The average value of personal injury claims rose by 13% during 2020, motor insurers have said, in  explaining why premiums remained almost unchanged in a year when private motoring plummeted.

Average premiums for comprehensive car insurance fell by 1% last year to £465. The Association of British Insurers said it was the fourth consecutive year that premiums fell, but it came during a year in which the number of claims settled fell by 19%, as the pandemic resulted in fewer cars on the road.

Meanwhile, the ABI said that total payouts were 6% down, at £8.3bn - but the average settlement rose by 13% to £12,100. The insurers’ representative said that members had faced other costs during the lockdown and insisted that incoming PI reforms were still justified.

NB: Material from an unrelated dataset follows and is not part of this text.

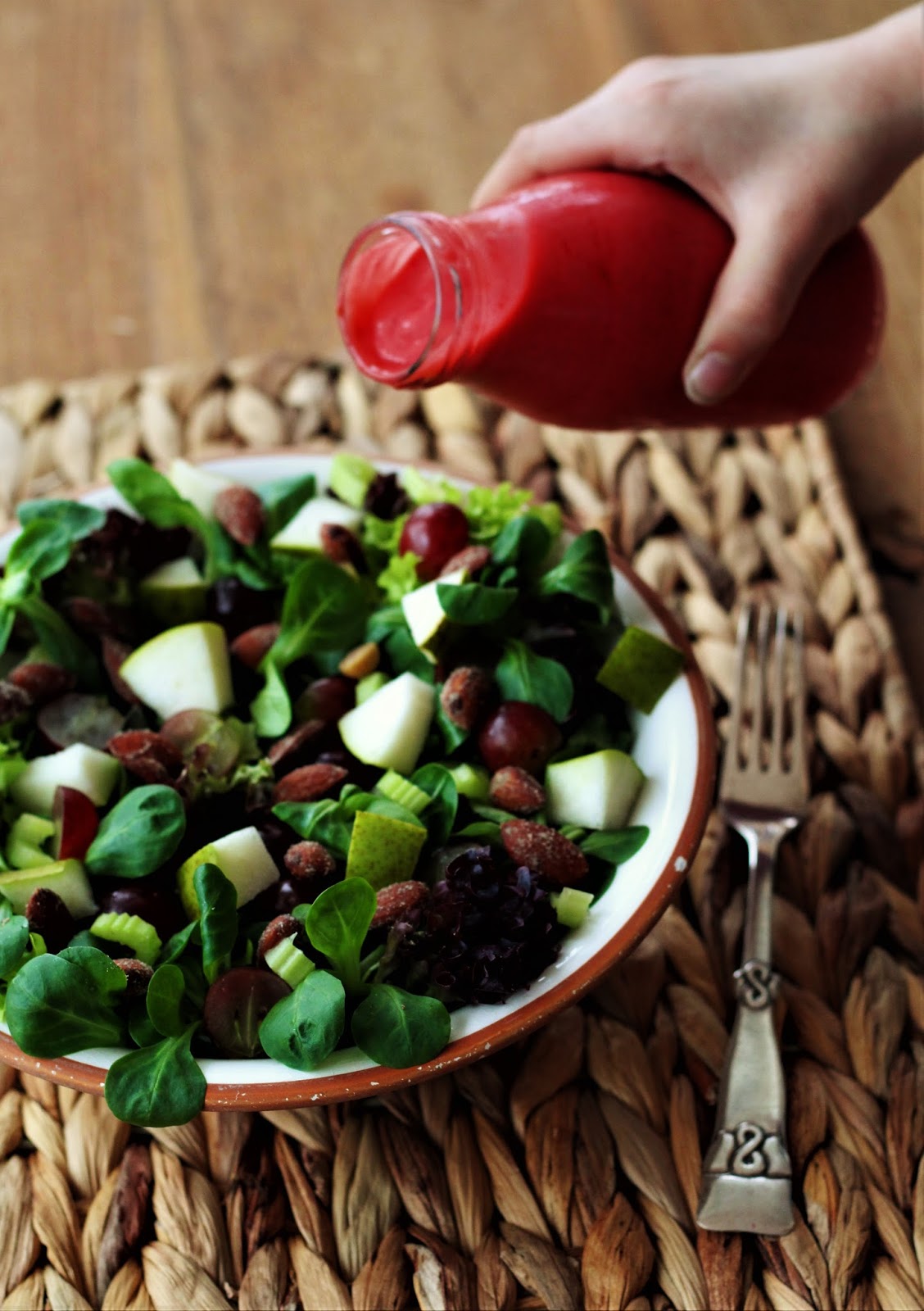 Waldorf-inspireret salat med hindbær-dressing (4 pers. som tilbehør)

Laura Hughes, the ABI’s manager of general insurance, said: ‘As we edge back to some form of normality, cost pressures remain, such as increasing vehicle repair costs, reflecting ever more complex vehicle technology. With the average personal injury claim rising last year, the advent of the whiplash claims portal in May should help control whiplash costs, while ensuring that proportionate compensation is paid to genuinely injured claimants.’

The reduction in claims continued towards the end of 2020, with the ABI reporting a 13% decrease in claims settled from October to December.

Such a trend is supported by civil justice statistics published by the Ministry of Justice earlier this month. The number of personal injury claims fell by 10% to 24,000  in the final three months of 2020 compared with the same period in 2019.